Definition - What does Titanium Corrosion mean?

Titanium is an established metal, when dealing with corrosion applications. Titanium is protected from corrosion by a thin film of oxygen on its surface. It reacts with titanium to form titanium dioxide, which acts as a barrier against corrosion.

This barrier can only be broken if the titanium is placed in an environment that is very rich in chloride. In the chemical processing industry, titanium and its alloys offer good corrosion resistance in many process solutions and owe this corrosion resistance to the strong oxide film.

While titanium is resistant to most normal environmental situations, it is not completely immune and can be susceptible to pitting and crevice attack, especially at elevated temperatures. It is not immune to seawater corrosion if the temperature is greater than about 110°C. Titanium solutions could be found in a variety of industries, such as pulp and paper as well as marine applications. A major use for titanium is in seawater or brackish water applications. It is also used extensively in the production of chlorine.
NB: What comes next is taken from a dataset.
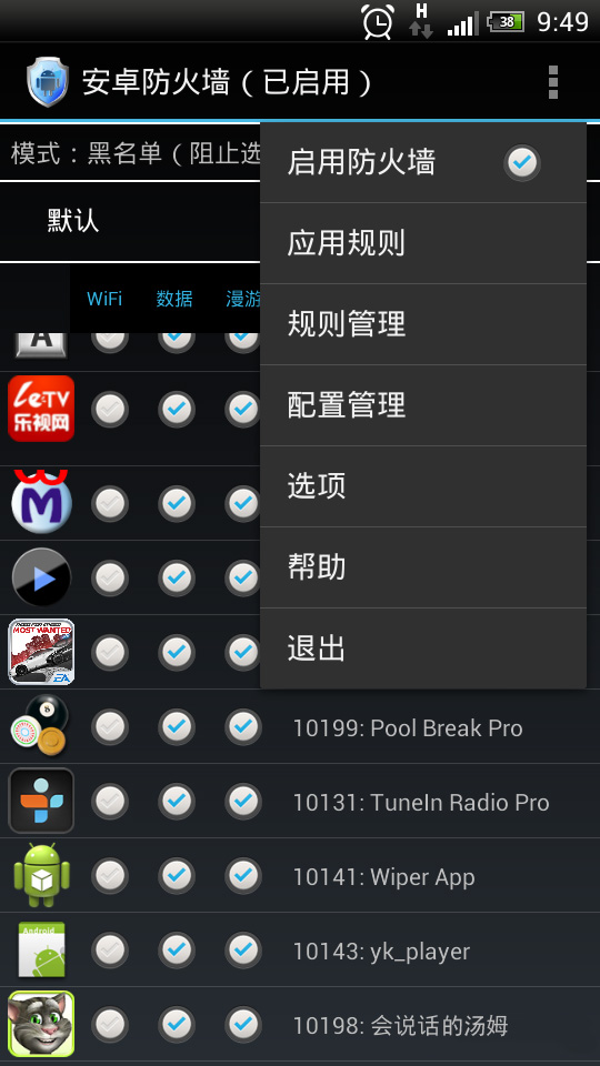 通过手机防火墙安卓版你能够为你的手机进行设置,限制其中的一些程序访问网络。比如有些恶意程序或者带有后门的程序,会偷偷的连接网络,进行各种资料的交换,这些都是你的潜在的威胁,而只要在DroidWall里面将该可以软件拉入黑名单,就能够有效的防止它访问网络了。这是一个完美的解决方案,而且它对你的电池电量并没有太大的损耗,绝对值得你拥有。

Corrosionpedia explains Titanium Corrosion

Titanium is a very reactive metal that shows remarkable corrosion resistance in oxidizing acid environments by virtue of a passive oxide film. In the chemical industry, the grade most used is commercial-purity titanium. Like stainless steels, it is dependent upon an oxide film for its corrosion resistance. The oxide film formed on titanium is more protective than that on stainless steel, and it often performs well in media that cause pitting and crevice corrosion in the latter (such as seawater, wet chlorine, organic chlorides).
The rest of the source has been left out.